<div class="alert alert-block alert-success">
    <h1 style="margin-bottom:0.5cm"><b>Train decoder</b></h1>
    <p style="margin-bottom:0.25cm">This code is used to train a 'decoder' that can predict finger positions from electromyographic signals, based on angular finger position data and electromyographic data from specific forearm muscles. To do this, the usual steps of a "data analysis" process are followed and different alternatives are tested to build the model.
</div>

## Import all necessary packages

In [None]:
from sklearn.model_selection import train_test_split
from sklearn.linear_model import LinearRegression
from sklearn.preprocessing import PolynomialFeatures
from sklearn.metrics import mean_squared_error
from sklearn.discriminant_analysis import LinearDiscriminantAnalysis
from sklearn.preprocessing import StandardScaler, MinMaxScaler
from yellowbrick.classifier import confusion_matrix
from sklearn.metrics import classification_report
from yellowbrick.classifier import ROCAUC, PrecisionRecallCurve
from sklearn.preprocessing import LabelEncoder
import joblib
import numpy as np
import pandas as pd
import seaborn as sns
import matplotlib.pyplot as plt
from sklearn import metrics

## Data preprocessing

[ToDo]
- Por ahora todo el preprocesado se hace en el software de Noraxon

## Load data

In [None]:
data = pd.read_csv("data/data16.csv")
data

### Rename column

In [None]:
data.rename(columns={'index': 'indice'}, inplace=True)

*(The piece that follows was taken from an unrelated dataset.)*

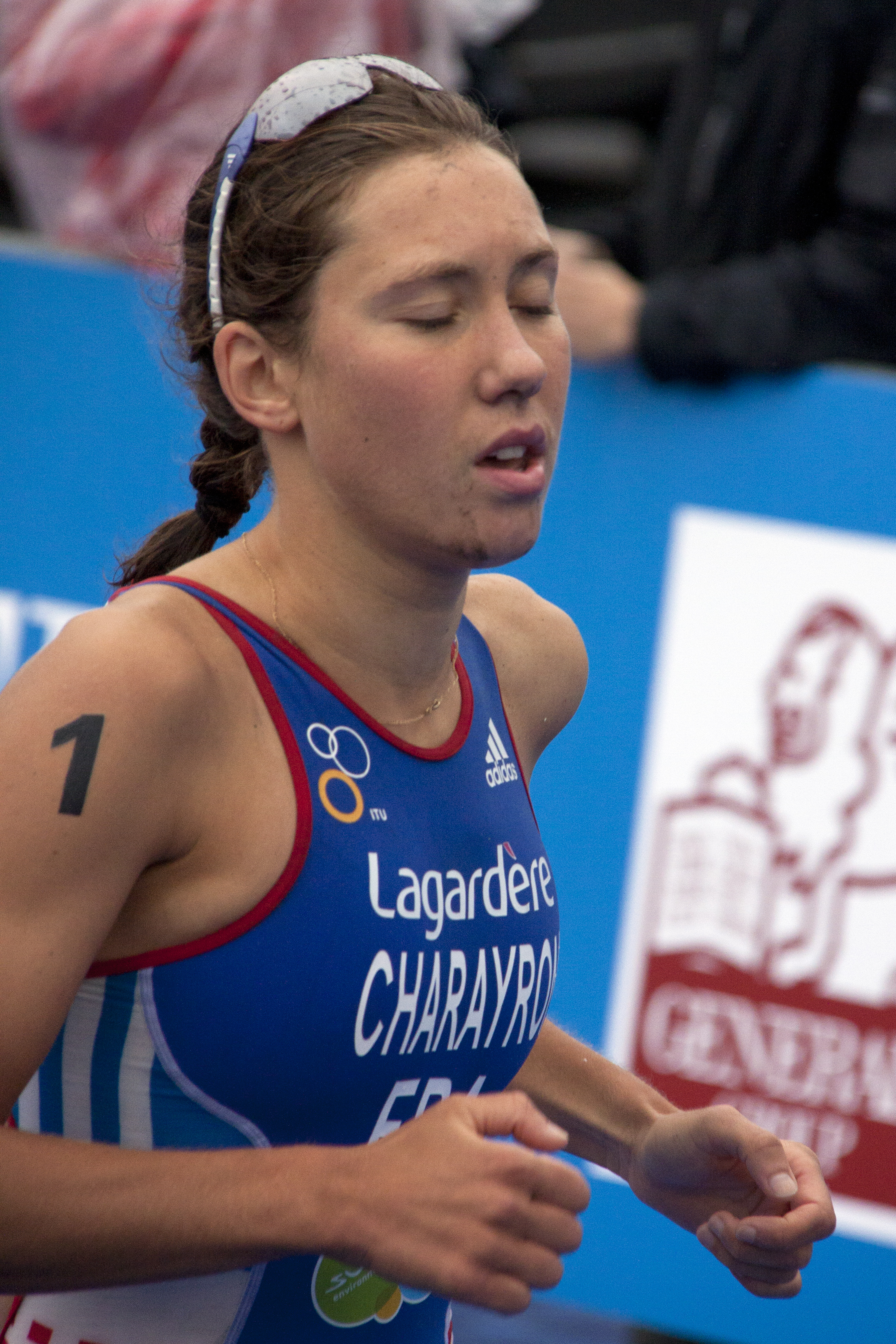 Emmie Charayron at the U23 Triathlon World Championships in Budapest, 2010.

## Exploratory Data Analysis (EDA)

### Delete first and last rows "without data"

In [None]:
for i in range(0,1):
    data.drop(i, inplace=True)

In [None]:
for i in range(2686,2716):
    data.drop(i, inplace=True)

In [None]:
data

### Preprocessing for classification

In [None]:
data['thumb_bool'] = (data['thumb'] > data['thumb'].mean()).astype(int)
data['indice_bool'] = (data['indice'] > data['indice'].mean()).astype(int)
data['long_bool'] = (data['long'] > data['long'].mean()).astype(int)
data['ring_bool'] = (data['ring'] > data['ring'].mean()).astype(int)
data['small_bool'] = (data['small'] > data['small'].mean()).astype(int)

In [None]:
data

### Manage missing (NaN) values

In [None]:
print("NaN values in data: "+str(data.isnull().values.sum()))

### Check duplicated rows

In [None]:
#print("Duplicated rows in data: "+str(data.duplicated().sum()))
#data.drop_duplicates(inplace=True)
#data.duplicated().sum()

### Data information

In [None]:
data.shape

In [None]:
data.dtypes

In [None]:
data.info()

In [None]:
data.describe()

### Histograms

In [None]:
fig, (ax1, ax2, ax3) = plt.subplots(nrows=3, ncols=5, figsize=(30, 20))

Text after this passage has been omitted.